The lines to transcribe run from the top of the material below to the line with "(a) The TIR", inclusive. Leave the pictures behind.

→ Supplied information:
*-*-*
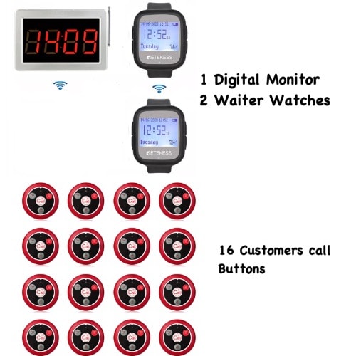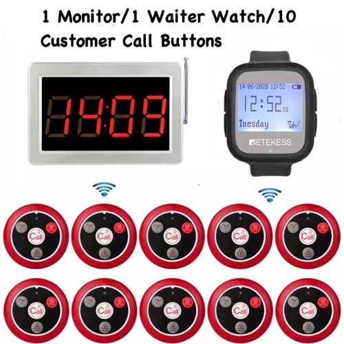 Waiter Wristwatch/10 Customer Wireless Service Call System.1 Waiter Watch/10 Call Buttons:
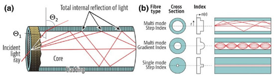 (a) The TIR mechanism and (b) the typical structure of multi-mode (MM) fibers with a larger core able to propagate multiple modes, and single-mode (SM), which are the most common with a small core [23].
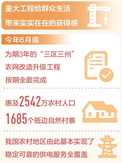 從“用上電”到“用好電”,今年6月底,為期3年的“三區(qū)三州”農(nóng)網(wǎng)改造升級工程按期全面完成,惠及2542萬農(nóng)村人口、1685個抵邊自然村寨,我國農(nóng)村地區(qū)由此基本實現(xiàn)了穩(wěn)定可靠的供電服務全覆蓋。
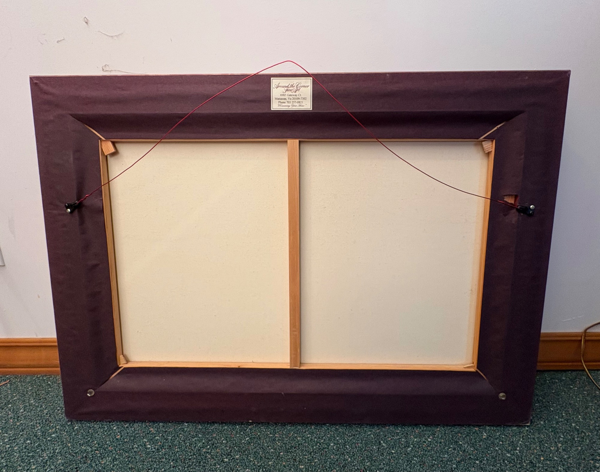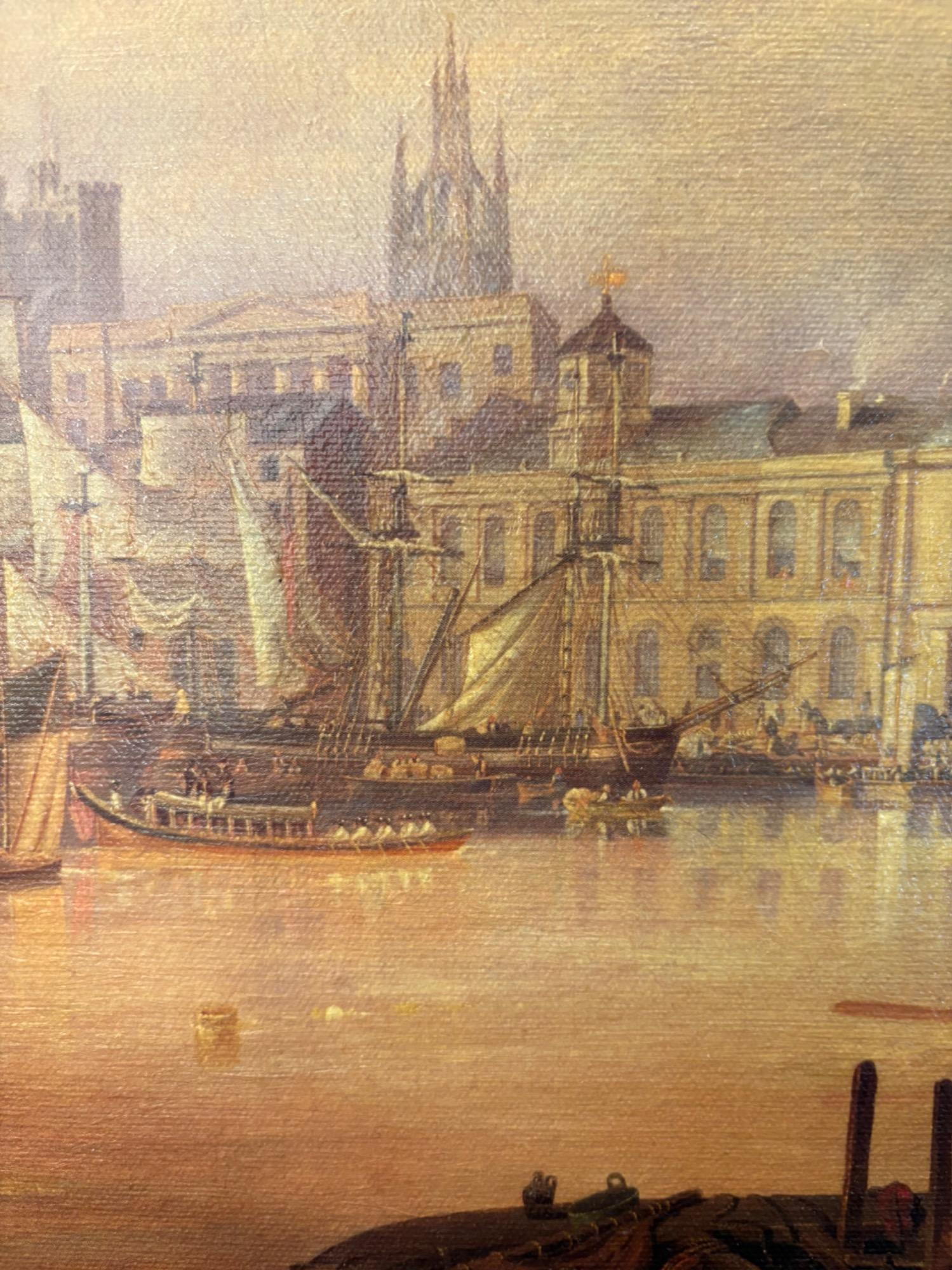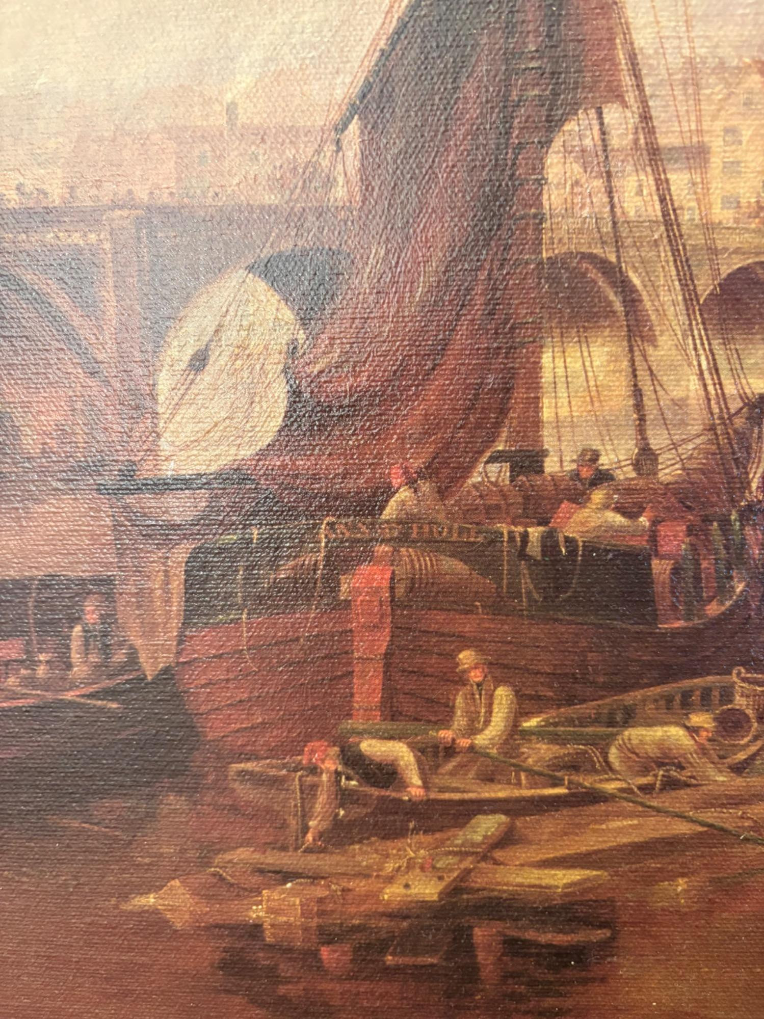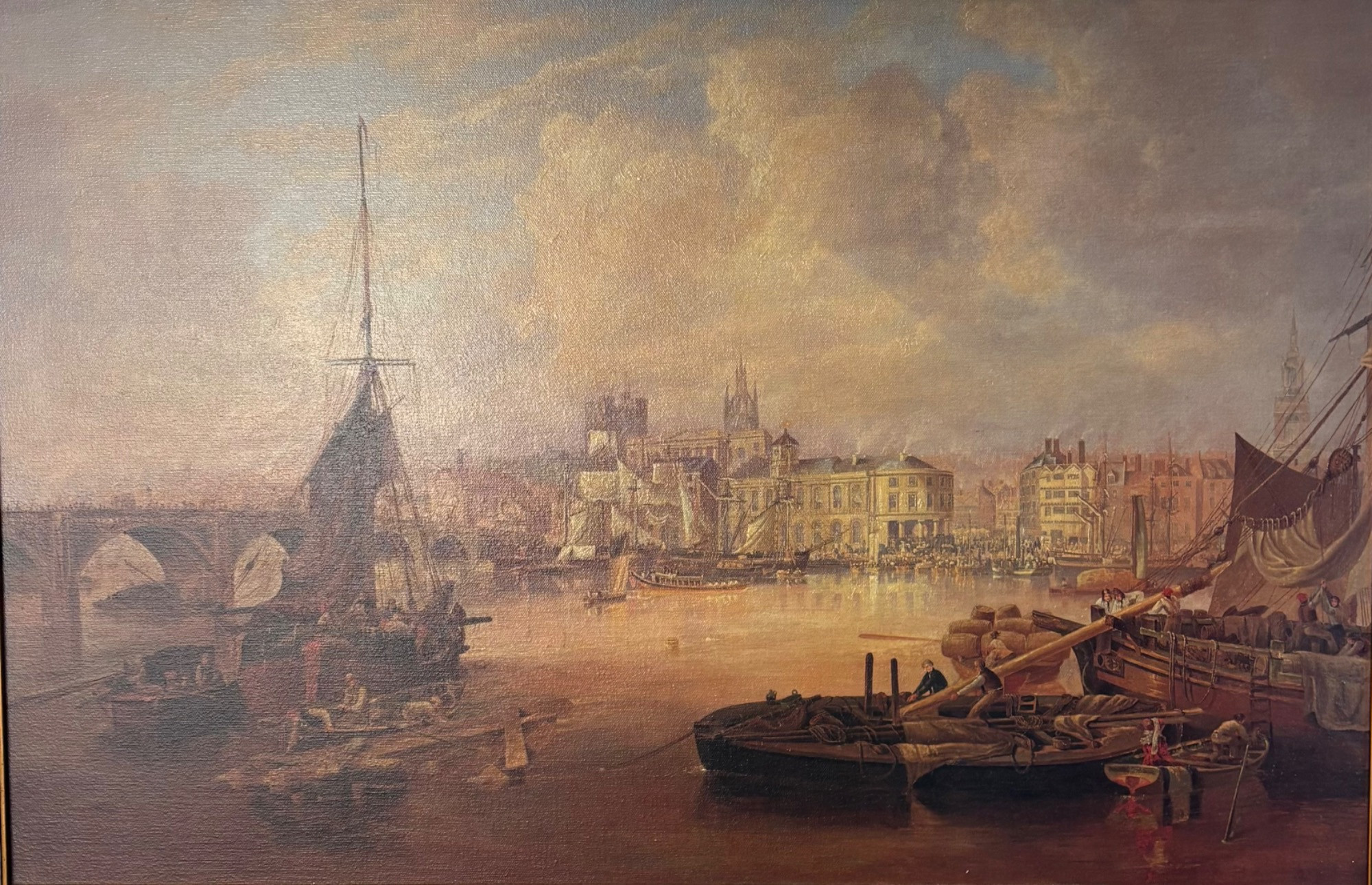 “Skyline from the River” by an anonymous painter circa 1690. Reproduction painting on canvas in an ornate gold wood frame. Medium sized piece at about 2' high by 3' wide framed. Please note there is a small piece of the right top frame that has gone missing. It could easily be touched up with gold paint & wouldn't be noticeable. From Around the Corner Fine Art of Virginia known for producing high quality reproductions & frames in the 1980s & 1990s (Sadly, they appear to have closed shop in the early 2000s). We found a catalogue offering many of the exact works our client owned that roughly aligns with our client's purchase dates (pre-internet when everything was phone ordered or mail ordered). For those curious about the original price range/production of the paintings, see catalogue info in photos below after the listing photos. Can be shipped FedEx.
*-*-*
→ Expected output:
 Waiter Wristwatch/10 Customer Wireless Service Call System.1 Waiter Watch/10 Call Buttons:
 (a) The TIR mechanism and (b) the typical structure of multi-mode (MM) fibers with a larger core able to propagate multiple modes, and single-mode (SM), which are the most common with a small core [23].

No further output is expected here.